The second study, described in this report, looked at the connection between occupations and Alzheimer’s disease (AD). In short, “Researchers have found that the risk of death due to AD is markedly lower in taxi and ambulance drivers compared with hundreds of other occupations. And the reason could be that these drivers develop structural changes in their brains as they work.” This difference did not show up when testing for dementia other than AD. The study suggested that perhaps the reason for this outcome is that ambulance and taxi drivers need to use “real-time spatial and navigational skills” in their jobs. Yet persons in other occupations requiring these skills, such as aircraft pilots and ship captains, not only did not experience the same low incidence of AD but “had some of the highest rates of death due to AD.” Bus drivers also did not benefit but fell within the average rate of death due to AD.

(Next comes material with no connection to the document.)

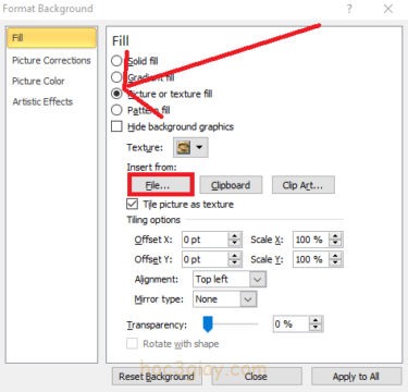 Bước 3: Tại hộp thoại Form Background, bạn tích vào ô Picture or texture fill. Sau đó nhần vào nút file để lấy ảnh.

The study questions, “And why aren't bus drivers, pilots, and ship captains similarly protected? The study authors suggest these other jobs involve predetermined routes with less real-time navigational demands. Thus, they may not change the hippocampus as much.” I think there is something else involved. I see a difference between ambulance and taxi drivers on the one hand and bus drivers, aircraft pilots, and ship captains on the other, and I wonder if it matters. The former interact with their passengers (consider that ambulance drivers also function as EMTs) whereas the latter don’t interact or if they do, they interact infrequently and with less depth. Other studies, such as New Studies Suggest Social Isolation Is a Risk Factor for Dementia in Older Adults, Point to Ways to Reduce Risk, and Being Social May Delay Dementia Onset by Five Years, suggest that continued social engagement tends to lower dementia risk whereas it increases in older people who are isolated and have little or no social interaction.
And that brings me back to tax and music. Musicians engage in social contact, not only with other members of a chorus, orchestra, or band, but also with audiences, fans, promoters, agents, stage hands, and the entire array of people who interact with the performers. What about tax professionals? Despite the perception that “tax geeks” sit alone immersed in reading the Internal Revenue Code as a novel (though I did do that, years ago), tax professionals interact with clients, with co-workers, with other professionals, with federal, state, and local tax collectors and auditors, with employees, and sometimes with judges. Is this social interaction of sufficient amount? Can it be measured and compared to the social interaction of musicians and persons in other occupations? Perhaps these questions will be the subject of future studies.